Task prompt:
Any picture in the listing is left out of the copy; all else is duplicated exactly.

Records shown:
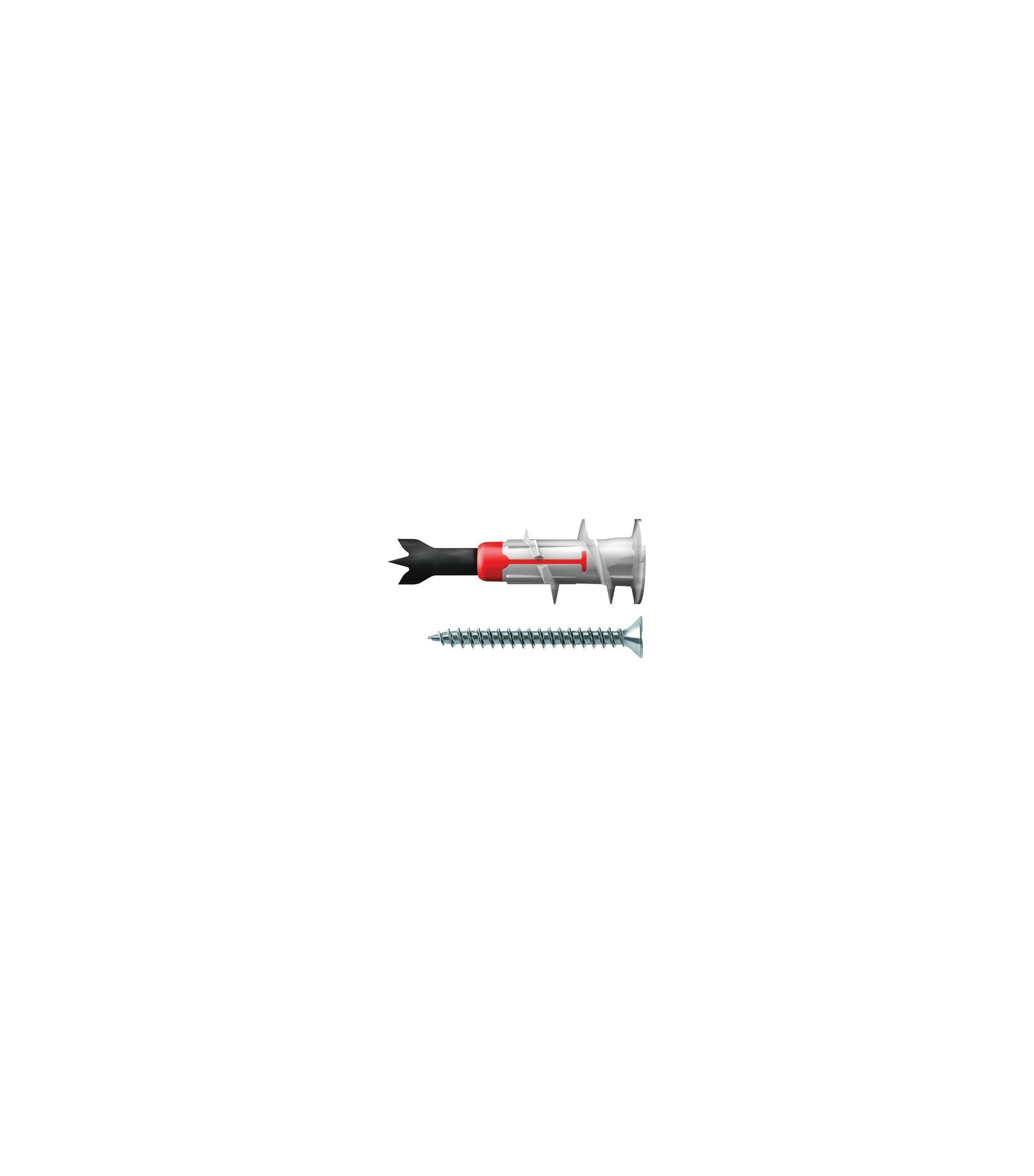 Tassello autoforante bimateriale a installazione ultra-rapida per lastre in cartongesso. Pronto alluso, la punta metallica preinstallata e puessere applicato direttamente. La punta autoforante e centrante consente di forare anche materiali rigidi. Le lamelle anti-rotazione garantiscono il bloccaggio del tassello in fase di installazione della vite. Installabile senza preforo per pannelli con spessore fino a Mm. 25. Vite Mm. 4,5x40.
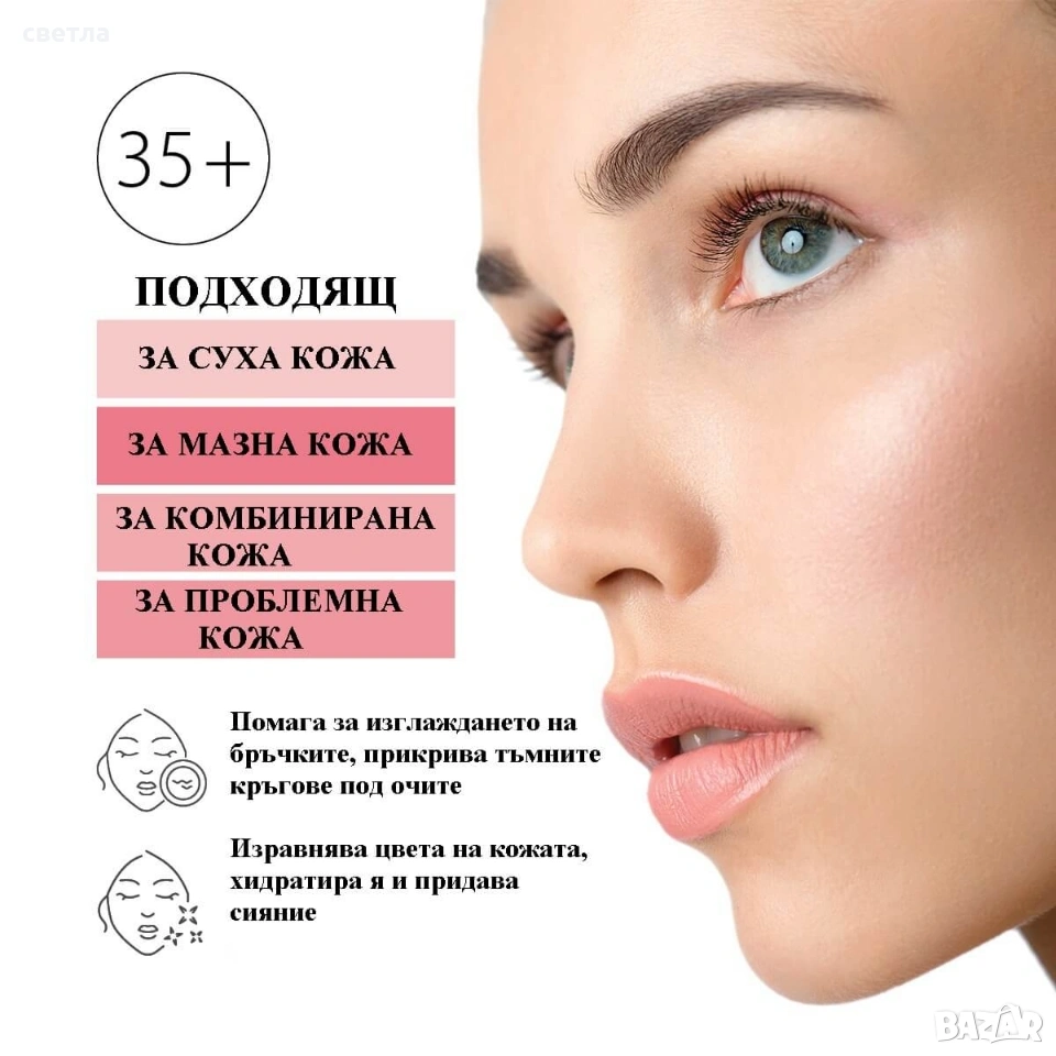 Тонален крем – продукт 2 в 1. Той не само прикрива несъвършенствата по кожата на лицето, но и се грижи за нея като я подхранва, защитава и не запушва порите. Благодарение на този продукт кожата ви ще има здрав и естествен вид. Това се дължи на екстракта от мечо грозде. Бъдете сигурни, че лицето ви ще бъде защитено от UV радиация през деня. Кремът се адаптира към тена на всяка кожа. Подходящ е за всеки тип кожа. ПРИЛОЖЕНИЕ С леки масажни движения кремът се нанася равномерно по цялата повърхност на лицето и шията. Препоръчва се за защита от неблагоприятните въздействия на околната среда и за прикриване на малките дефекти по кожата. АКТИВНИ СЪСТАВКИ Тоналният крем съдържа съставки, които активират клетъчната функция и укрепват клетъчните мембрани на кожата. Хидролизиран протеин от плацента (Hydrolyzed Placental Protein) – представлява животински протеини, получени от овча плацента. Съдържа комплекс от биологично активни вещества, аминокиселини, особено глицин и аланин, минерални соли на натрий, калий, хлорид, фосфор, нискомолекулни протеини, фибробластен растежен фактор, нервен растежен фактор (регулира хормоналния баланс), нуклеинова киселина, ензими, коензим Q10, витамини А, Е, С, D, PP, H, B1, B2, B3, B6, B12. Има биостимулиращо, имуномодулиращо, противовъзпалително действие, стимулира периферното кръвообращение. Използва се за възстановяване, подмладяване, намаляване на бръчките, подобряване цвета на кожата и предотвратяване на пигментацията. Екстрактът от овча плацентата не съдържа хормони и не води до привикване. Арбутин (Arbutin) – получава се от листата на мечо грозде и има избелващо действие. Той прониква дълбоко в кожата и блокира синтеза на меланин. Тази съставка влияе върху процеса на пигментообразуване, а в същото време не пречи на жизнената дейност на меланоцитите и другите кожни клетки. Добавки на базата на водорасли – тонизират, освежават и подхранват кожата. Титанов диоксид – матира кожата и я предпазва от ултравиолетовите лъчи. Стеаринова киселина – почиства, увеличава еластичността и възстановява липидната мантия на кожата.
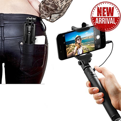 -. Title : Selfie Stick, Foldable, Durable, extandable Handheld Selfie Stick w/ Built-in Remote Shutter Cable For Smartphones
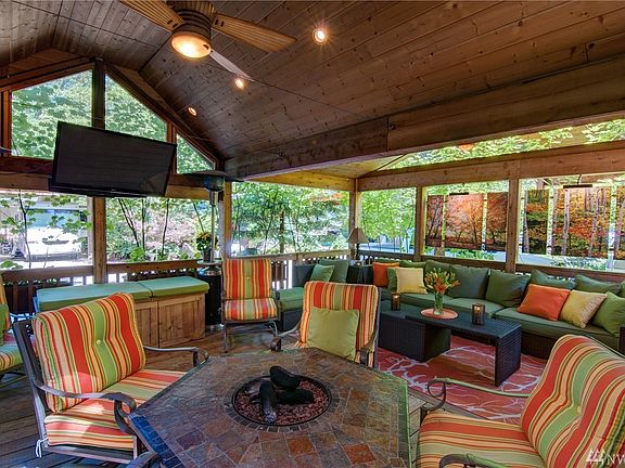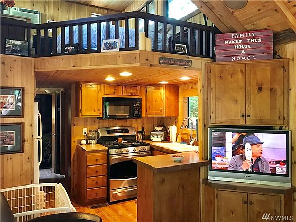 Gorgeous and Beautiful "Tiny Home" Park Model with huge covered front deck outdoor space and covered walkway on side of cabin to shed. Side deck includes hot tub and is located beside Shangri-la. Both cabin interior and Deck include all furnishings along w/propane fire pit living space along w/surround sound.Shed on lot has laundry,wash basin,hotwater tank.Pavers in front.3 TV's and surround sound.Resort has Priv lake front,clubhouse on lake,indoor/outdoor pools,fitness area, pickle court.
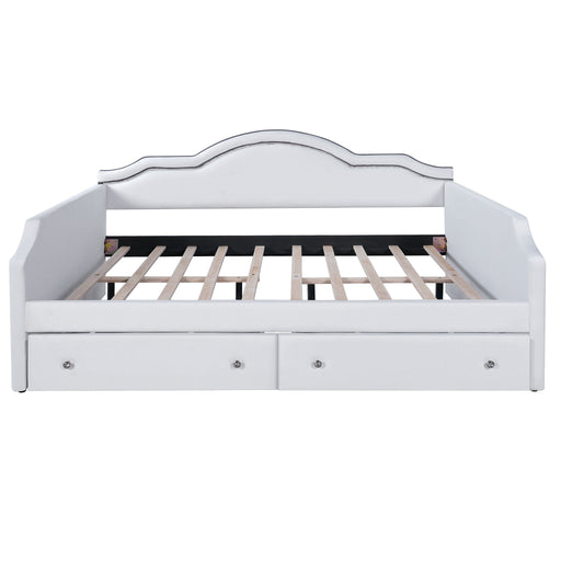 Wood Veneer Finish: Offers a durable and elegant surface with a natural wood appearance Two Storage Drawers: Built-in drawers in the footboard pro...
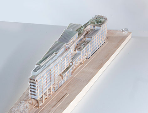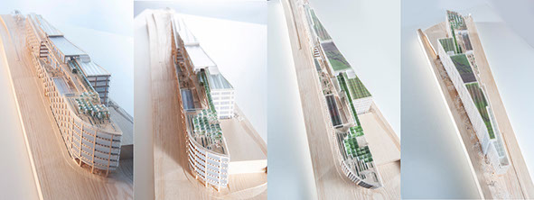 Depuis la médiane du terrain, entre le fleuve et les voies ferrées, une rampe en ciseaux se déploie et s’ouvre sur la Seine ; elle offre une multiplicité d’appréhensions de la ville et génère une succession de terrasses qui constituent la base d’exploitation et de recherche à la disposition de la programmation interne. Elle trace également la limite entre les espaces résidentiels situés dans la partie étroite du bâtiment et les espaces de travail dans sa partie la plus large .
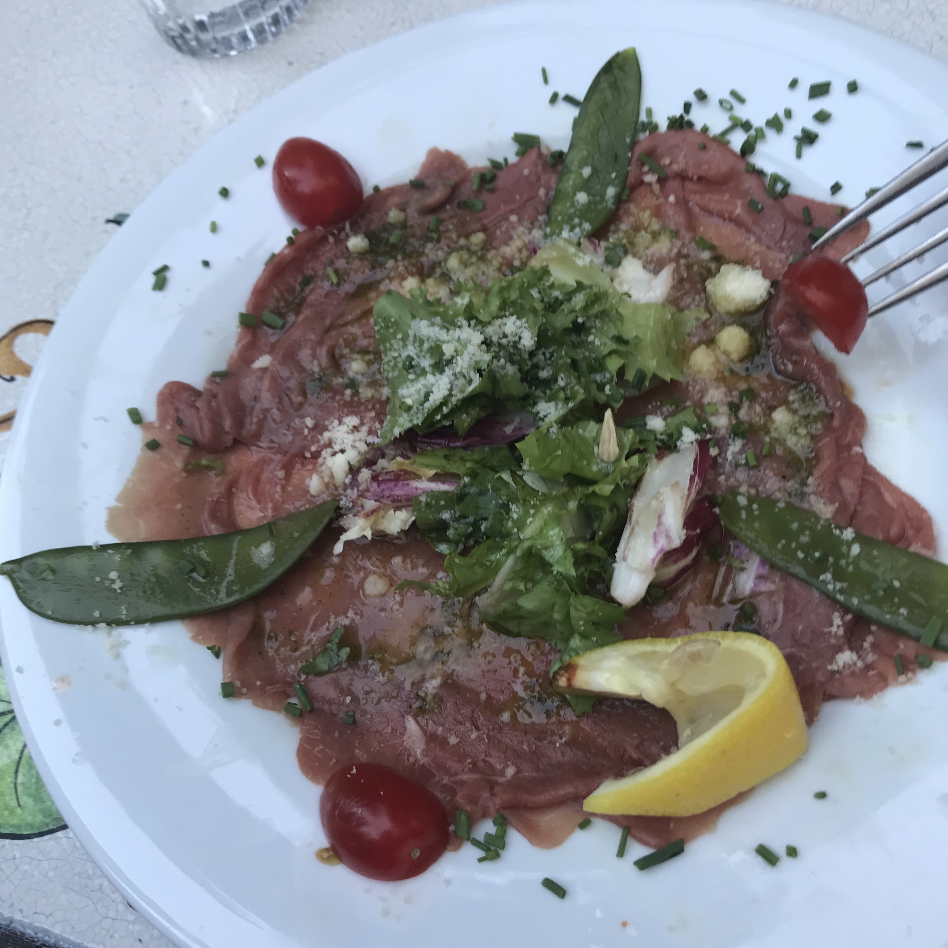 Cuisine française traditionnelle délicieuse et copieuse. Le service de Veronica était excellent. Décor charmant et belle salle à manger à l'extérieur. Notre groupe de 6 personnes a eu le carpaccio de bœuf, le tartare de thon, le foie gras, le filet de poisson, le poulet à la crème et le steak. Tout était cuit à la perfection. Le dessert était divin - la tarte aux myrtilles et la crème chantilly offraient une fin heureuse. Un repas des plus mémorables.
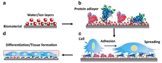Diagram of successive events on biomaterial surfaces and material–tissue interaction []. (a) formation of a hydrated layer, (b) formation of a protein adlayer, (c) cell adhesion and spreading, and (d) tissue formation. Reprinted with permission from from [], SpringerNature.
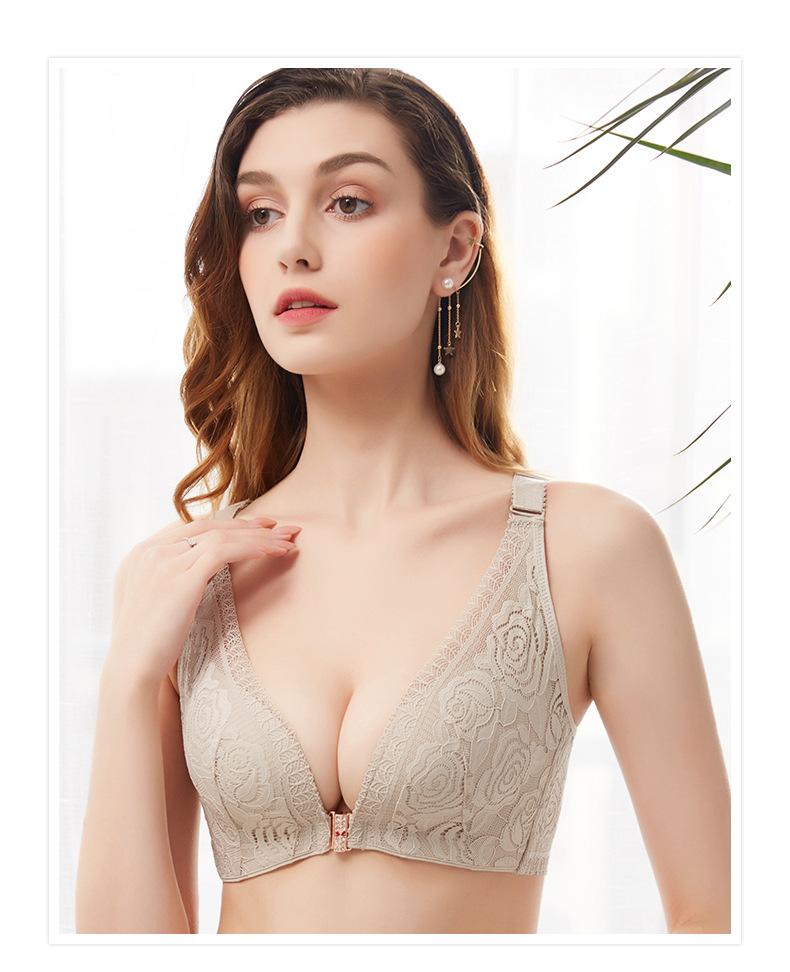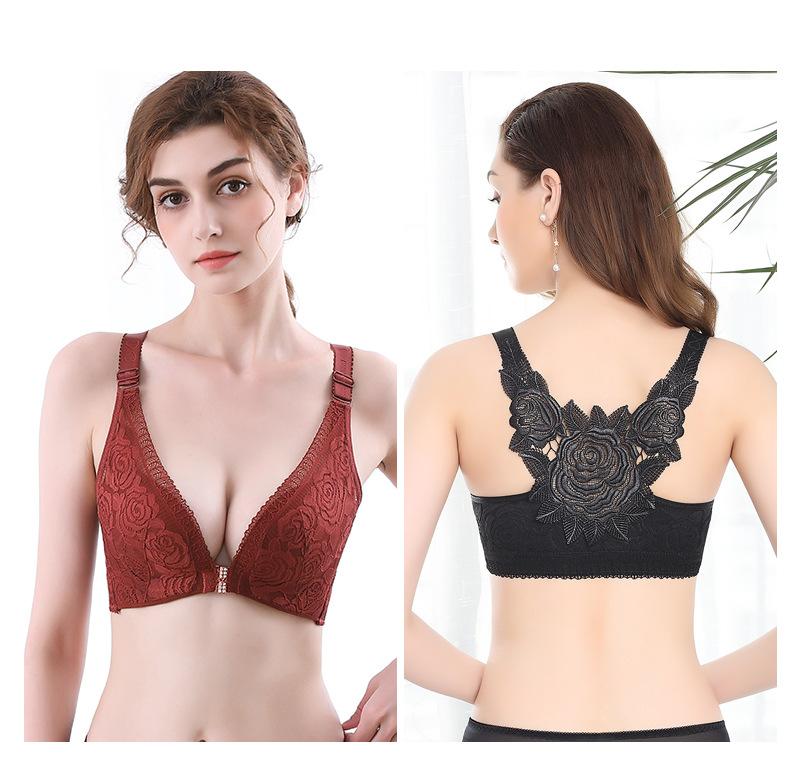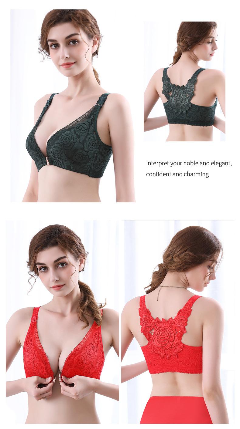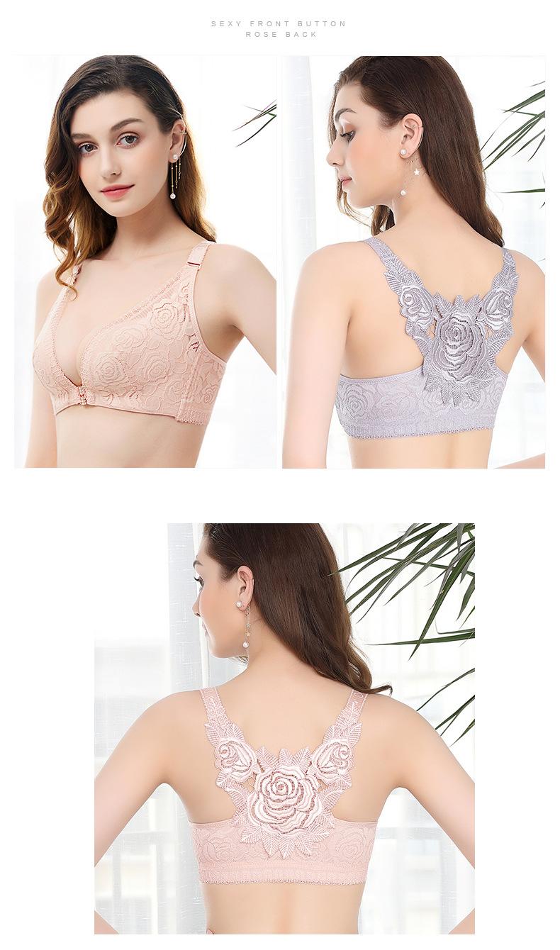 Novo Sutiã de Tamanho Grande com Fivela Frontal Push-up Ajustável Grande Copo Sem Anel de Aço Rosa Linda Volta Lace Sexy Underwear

Finished task:
 Tassello autoforante bimateriale a installazione ultra-rapida per lastre in cartongesso. Pronto alluso, la punta metallica preinstallata e puessere applicato direttamente. La punta autoforante e centrante consente di forare anche materiali rigidi. Le lamelle anti-rotazione garantiscono il bloccaggio del tassello in fase di installazione della vite. Installabile senza preforo per pannelli con spessore fino a Mm. 25. Vite Mm. 4,5x40.
 Тонален крем – продукт 2 в 1. Той не само прикрива несъвършенствата по кожата на лицето, но и се грижи за нея като я подхранва, защитава и не запушва порите. Благодарение на този продукт кожата ви ще има здрав и естествен вид. Това се дължи на екстракта от мечо грозде. Бъдете сигурни, че лицето ви ще бъде защитено от UV радиация през деня. Кремът се адаптира към тена на всяка кожа. Подходящ е за всеки тип кожа. ПРИЛОЖЕНИЕ С леки масажни движения кремът се нанася равномерно по цялата повърхност на лицето и шията. Препоръчва се за защита от неблагоприятните въздействия на околната среда и за прикриване на малките дефекти по кожата. АКТИВНИ СЪСТАВКИ Тоналният крем съдържа съставки, които активират клетъчната функция и укрепват клетъчните мембрани на кожата. Хидролизиран протеин от плацента (Hydrolyzed Placental Protein) – представлява животински протеини, получени от овча плацента. Съдържа комплекс от биологично активни вещества, аминокиселини, особено глицин и аланин, минерални соли на натрий, калий, хлорид, фосфор, нискомолекулни протеини, фибробластен растежен фактор, нервен растежен фактор (регулира хормоналния баланс), нуклеинова киселина, ензими, коензим Q10, витамини А, Е, С, D, PP, H, B1, B2, B3, B6, B12. Има биостимулиращо, имуномодулиращо, противовъзпалително действие, стимулира периферното кръвообращение. Използва се за възстановяване, подмладяване, намаляване на бръчките, подобряване цвета на кожата и предотвратяване на пигментацията. Екстрактът от овча плацентата не съдържа хормони и не води до привикване. Арбутин (Arbutin) – получава се от листата на мечо грозде и има избелващо действие. Той прониква дълбоко в кожата и блокира синтеза на меланин. Тази съставка влияе върху процеса на пигментообразуване, а в същото време не пречи на жизнената дейност на меланоцитите и другите кожни клетки. Добавки на базата на водорасли – тонизират, освежават и подхранват кожата. Титанов диоксид – матира кожата и я предпазва от ултравиолетовите лъчи. Стеаринова киселина – почиства, увеличава еластичността и възстановява липидната мантия на кожата.
 -. Title : Selfie Stick, Foldable, Durable, extandable Handheld Selfie Stick w/ Built-in Remote Shutter Cable For Smartphones
 Gorgeous and Beautiful "Tiny Home" Park Model with huge covered front deck outdoor space and covered walkway on side of cabin to shed. Side deck includes hot tub and is located beside Shangri-la. Both cabin interior and Deck include all furnishings along w/propane fire pit living space along w/surround sound.Shed on lot has laundry,wash basin,hotwater tank.Pavers in front.3 TV's and surround sound.Resort has Priv lake front,clubhouse on lake,indoor/outdoor pools,fitness area, pickle court.
 Wood Veneer Finish: Offers a durable and elegant surface with a natural wood appearance Two Storage Drawers: Built-in drawers in the footboard pro...
 Depuis la médiane du terrain, entre le fleuve et les voies ferrées, une rampe en ciseaux se déploie et s’ouvre sur la Seine ; elle offre une multiplicité d’appréhensions de la ville et génère une succession de terrasses qui constituent la base d’exploitation et de recherche à la disposition de la programmation interne. Elle trace également la limite entre les espaces résidentiels situés dans la partie étroite du bâtiment et les espaces de travail dans sa partie la plus large .
 Cuisine française traditionnelle délicieuse et copieuse. Le service de Veronica était excellent. Décor charmant et belle salle à manger à l'extérieur. Notre groupe de 6 personnes a eu le carpaccio de bœuf, le tartare de thon, le foie gras, le filet de poisson, le poulet à la crème et le steak. Tout était cuit à la perfection. Le dessert était divin - la tarte aux myrtilles et la crème chantilly offraient une fin heureuse. Un repas des plus mémorables.
Diagram of successive events on biomaterial surfaces and material–tissue interaction []. (a) formation of a hydrated layer, (b) formation of a protein adlayer, (c) cell adhesion and spreading, and (d) tissue formation. Reprinted with permission from from [], SpringerNature.
 Novo Sutiã de Tamanho Grande com Fivela Frontal Push-up Ajustável Grande Copo Sem Anel de Aço Rosa Linda Volta Lace Sexy Underwear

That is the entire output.